Metodologicamente, a primeira etapa do trabalho consiste na elaboração de uma


discussão bibliográfica sobre o afrofuturismo no Brasil a partir dos Estudos Culturais e
do Pensamento Pós-Colonial. Já a segunda etapa da pesquisa se concentra na análise das
três obras de arte, através de análise de conteúdo e análise fílmica (BARDIN, 1977;
PENAFRIA, 2009). Por fim, a terceira etapa consiste na realização de entrevistas de
profundidade semiestruturadas (ALVES & SILVA, 1992). Até aqui a primeira etapa foi
concluída e a segunda se encontra em vias de conclusão. A seguir, traremos um resumo
breve da discussão das obras e uma breve discussão teórica, sinalizando os principais
resultados. O filme Branco sai, preto fica (2015), de Adirley Queirós, diretor oriundo da
cidade de Ceilândia, é um documentário fabular, baseado em registros das experiências
socioculturais de Ceilândia. O filme recorre a elementos afrofuturistas para ressignificar
a narrativa oficial sobre uma ação policial resultante em massacre, ocorrida no bairro
Quarentão, em Ceilândia, 5 de março de 1986. A expressão “Branco sai, preto fica”
remete a um dos gritos de ordem enunciados “naquela noite”. Já o livro O Caçador
cibernético da rua 13 (2017), de Fábio Kabral, escritor do Rio de Janeiro, pode ser
definido como “ciência fantástica”, em que a mistura entre fantasia e ficção científica
favorece uma imaginação “afro-inspirada”. A releitura afrofuturista da mitologia iorubá
produz um universo simbólico inspirado pela tradição do Candomblé Ketu. Por fim,
temos o álbum Represença (2019), do grupo paulista Senzala-Hi-Tech, composto por
Minari Groove Box, Junião, Diogo Silva e MC Sombra. O álbum possui 9 faixas com
sonoridade híbrida, resultante do encontro entre rap, axé, samba, reggae e afrobeat, bem
como, uma ampla gama de técnicas de gravação. O teor poético das canções volta-se à
“vida cotidiana”, com o questionamento da relação entre sujeitos negros e o Estado e
relatos sobre a construção dos espaços socioculturais.

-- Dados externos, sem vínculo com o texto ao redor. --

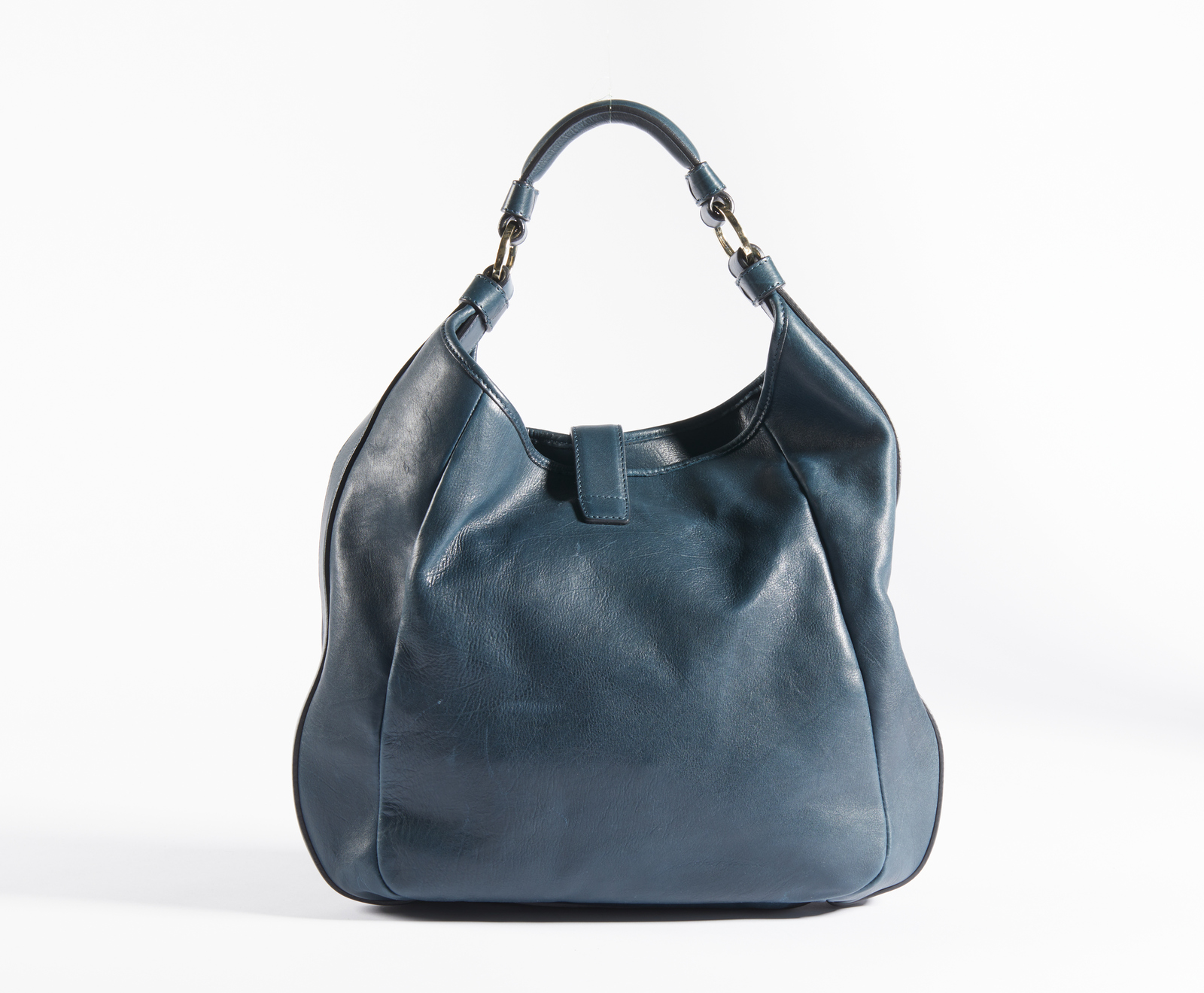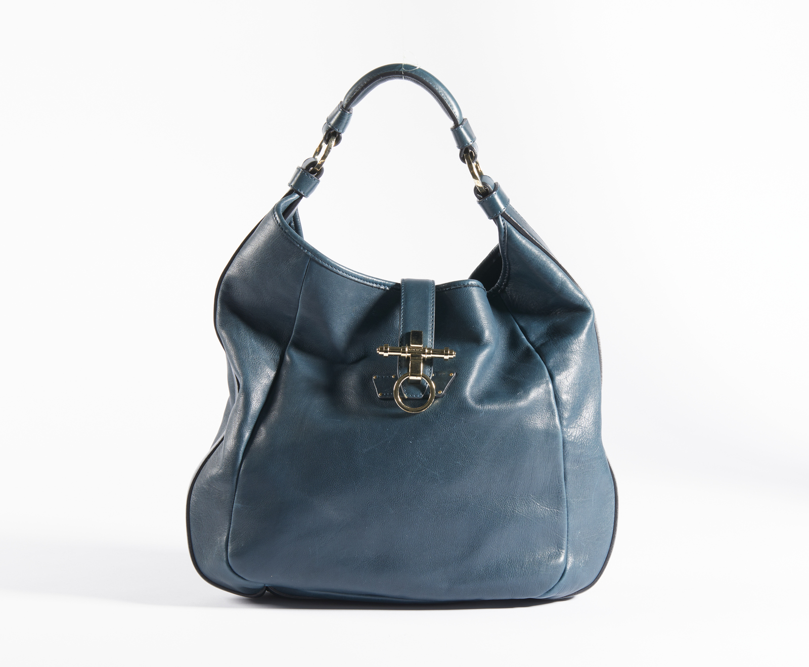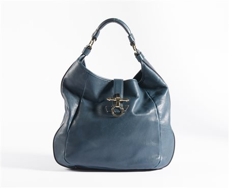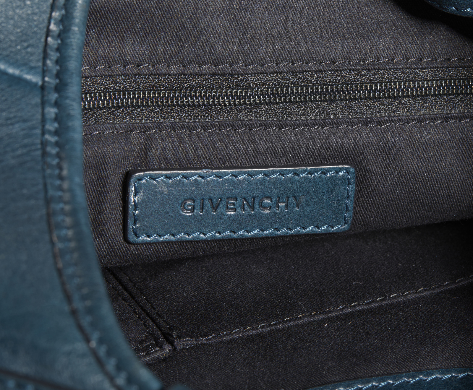 GIVENCHY Borsa in pelle. Pelle. Cm 36,00 x 35,00 x 9,00. Borsa in pelle blu o verde petrolio a spalla. Chiusura con moschettone e calamita con hardware color oro. Interno in tessuto nero con tasca con zip e logo interno e una seconda tasca a scomparsa.
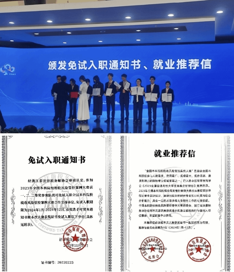 在总决赛中,公司学子以扎实的专业知识、高质量的案例作品与优异的现场表现获得了行业评审专家的高度认可。浙江省注册税务师协会行业党委常务副书记、会长邢幼平在现场直接为获奖选手们颁发了免试入职文件与就业推荐信,选手们获得了十余家税务师事务所的免试入职机会。

A partir da análise das obras supracitadas podemos compreender o afrofuturismo


em perspectiva teórica. O afrofuturismo implica a crítica e a quebra da temporalidade
linear que caracteriza a modernidade, pois, sua própria narrativa se distancia do arranjo
cronológico moderno, exigindo o que o escritor Kodwo Eshun (2015) chama de “zigue-
zague temporal”, isto é, um olhar analítico marcado por idas e vindas no tempo, que se
complementam em uma narrativa histórica descontínua. As descontinuidades históricas
da temporalidade afrofuturista podem ser vistas como “intencionais”, isto é, os artistas
buscam estabelecer um processo de desfamiliarização e desnaturalização da
interpretação histórica convencional sobre a formação cultural da modernidade, que
desconsidera sistematicamente as experiências sociais das populações afrodiaspóricas.
Para compreender o afrofuturismo e situá-lo em relação ao projeto “moderno-colonial”,
Kodwo Eshun (2015) tensiona continuidades e rupturas entre contextos coloniais
passados e presentes, por exemplo, através do uso metafórico das narrativas de abdução
alienígena, articuladas por artistas afrofutristas para ressignificar suas experiências junto
a memórias, práticas e representações culturais afrodiaspóricas. Nesse caso, imagens da
migração forçada dos povos africanos em navios através do atlântico, são artísticamente
reinterpretadas como um processo de abdução, as caravelas tornam-se naves espaciais,
levndo à realidade estrangeira de uma “Alien Nação”.